Open 1826949 opened 3 years ago
It's been a while since I've seen it but I don't think the videos show the expert, instead they only show the policy trained through DAgger. I think one is a training rollout while another is an evaluation rollout. You can see what they log in the code here, and it looks like one is labeled train_rollouts
and the other is labeled eval_rollouts
. Both are necessary because if the imitation learning agent reaches a state that isn't in the expert training data, then it tends to have a much higher chance to fail.

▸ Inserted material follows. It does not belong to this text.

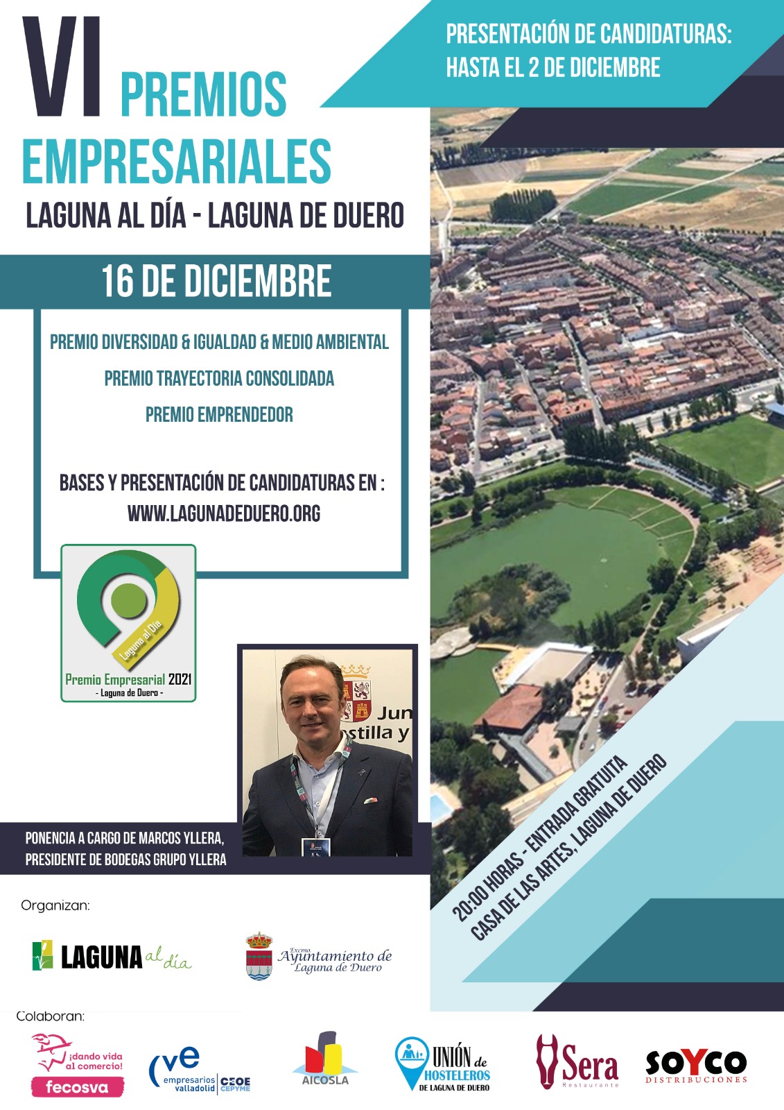 Por sexto año consecutivo, las empresas laguneras volverán a ser reconocidas a través de los V Premios Empresariales Laguna al Día – Laguna de Duero, una iniciativa organizada por el medio de comunicación Laguna al Día y el Ayuntamiento. Con el objetivo de poner el foco en las empresas y entidades del municipio y de potenciar elentorno económico local, especialmente en las circunstancias actuales, la iniciativainvita a presentar su candidatura a todos los empresarios autónomos laguneros. Una vez más, se hará entrega en esta edición de tres galardones, con los que se pretende dar reconocimiento a las mejores prácticas y dinámicas de mantenimiento y creación del sector empresarial, sumando iniciativas que impulsan, día a día, un crecimiento socioeconómico en Laguna de Duero. Existirán, de nuevo, tres premios: el Premio Emprendedor; el Premio a la Trayectoria Consolidada y el Premio Diversidad &

It's a good idea to look through other parts of the code and understand it because if you end up ever applying what you learn here in another area, you will likely need to use similar infrastructure to what they have provided for you here (e.g. replay buffers, logging, etc.) in addition to implementing the algorithms themselves (I usually find RL algorithms themselves to be quite short in terms of lines of code; infrastructure/data pipelines end up needing many more lines). In addition, they sometimes contain decent starter hyperparameters that you can use on your own projects.
Hope this helps.
Vincent
I've taken a look at the tensorboard and I see what you are talking about now. Unfortunately, I'm not sure but I'll take a look at it and I'll let you know.
Hi Vincent,
In tensorboard, under the "Images" tab, we are able to visualize our results on the Ant or the Humanoid. We see a split screen (e.g. 2 ants), one on the left and one on the right.
How do we know which is the expert and which is ours (DAgger)?
(PS: Where were you able to find this info? I tried googling for hours and could not find it.)
Thanks!